Isn’t money side effect of your good work within some company or freelance?
If you are not payed well, for long period of time, one should ask him self if he is doing that work good or not.
When good company is found they will value your work.

I think that no one got rich in infosec. Just normal, slice above average.
With these prices of properties in whole world, even taking a loan from bank is not an option, where for example in Serbia you have to give 30% in front to the bank of the property price.

@solid5n4k3 said:

Again I must interfere.

Good - I love to see more and more opinions here.

Isn’t money side effect of your good work within some company or freelance?

Within limits, I agree with this and think it is true. However, every industry has limits.

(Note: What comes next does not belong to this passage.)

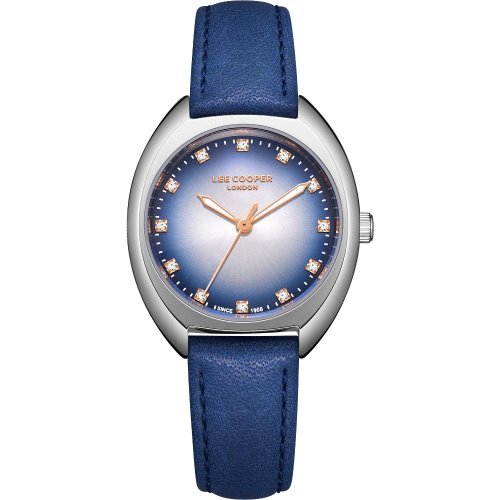 Dámske náramkové hodinky Napájanie z batérie Priemer puzdra 30,0 mm Puzdro v tvare oválu Kovové puzdro Strieborná farba puzdra Kožený ťah Modrá farba ťahu Ručičkový ciferník Modrá farba ciferníku Ciferník s dvanástimi indexmi Materiál skla - minerálne sklo Odolné proti

You can be the best working hotel maid in the world and you are probably going to be earning less than £30 per hour.

You can be the worst solicitor in the world but as long as you can scrape through to be employable, you will be earning more.

Good work can maximise the potential you have within the range that is open to you. If people want to break outside that, then I truly believe they need to think of something which changes the rules. (For example, our best hotel maid might decide to form a company offering outsourced chambermaid services to increase their income - the industry may seem the same, but they are no longer a hotel maid ).

I think that no one got rich in infosec. Just normal, slice above average.

I think some have, but largely because they’ve redefined the rules. For example, Kevin Mandia and Jeremiah Grossman have done very well out of infosec but I would strongly argue they haven’t worked in “Infosec Roles” for quite some time.

I don’t know of any people who got rich without branching out from their core “infosec” discipline.

Type your comment> @sparkla said:

In my world a salary of 100k / year is pretty ■■■■ rich…

In my world 30k / year is pretty rich. :slight_smile:

That’s kind of why it’s generally a bad idea to compare salaries from different places.

Type your comment> @TazWake said:

That’s kind of why it’s generally a bad idea to compare salaries from different places.

It’s comparing apples with tomatoes. And if you want to earn more money, you have to grow and step up. It’s possible to earn 100K EUR in Germany as a Principal Architect or Development Manager + 10-20% Bonus. But usually, in this space, you would lead a team of developers.

With your OSCP, you can start as a Junior Pentester, by putting a finger in the air: maybe a bit higher than a junior java dev with some first project experience.

Seeing the dates, I surely hope all went well for everyone in this post. Due to an injury, I’m having to switch careers completely. I’d like to say I’m in the beginning stages. I’m also in Germany.